After a few repeat stints at Prawfs, Rick asked me over to Mirror of Justice in the fall of 2010, where my first post was about my review of what was then a new book by MOJ denizen, Steve Shiffrin. At that time, a lot of my scholarly focus was in criminal law, and I was especially interested in the idea that there was something distinctive about criminal law that differentiated it from other disciplines. This old post from back in those days--on the smoldering core of criminal law--was in that vein.

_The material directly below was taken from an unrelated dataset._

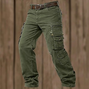 Herren Cargo-Hosen Hose Arbeitshosen Knöpfe Mehrere Taschen Einfach tragbar Volle Länge Outdoor Täglich Campen und Wandern Urlaub Mode Schwarz Armeegrün Unelastisch

One nice thing about retrospective moments like this is that they allow one to think about themes that bind together one's work in a very general way. That post and several others from the earlier days reflect a much broader issue that has interested me over the years: namely, what multifarious sets of values and principles we can glean about the law from the way in which it actually exists and is practiced in our world. From the bottom up, as it were. In criminal law, law and religion, free speech, constitutional adjudication, and (now) constitutional interpretation (in a new article on the Supreme Court's use of tradition to inform constitutional meaning...more soon), I often find myself drawn to the theme of taking the practices immanent in law as reflecting a set of views, or even a mood about, or perhaps a general orientation toward, the legal and political world that is worth investigating and studying. To see what we can squeeze out of what it is now, rather than of what it might or ought to be. At Mirror of Justice, I've sometimes tried to think about how those practical realities about law, as I perceive them, inform and are informed by Catholic ideas.
But enough of this tedious navel-gazing. Mostly what I want to say now is that Mirror of Justice has been a place of true scholarly community for me. I have met some of my closest friends in the legal academy through this blog. It has been a source of fellowship and friendship for me over the years. If it has run its course, I will miss it. Ave atque vale!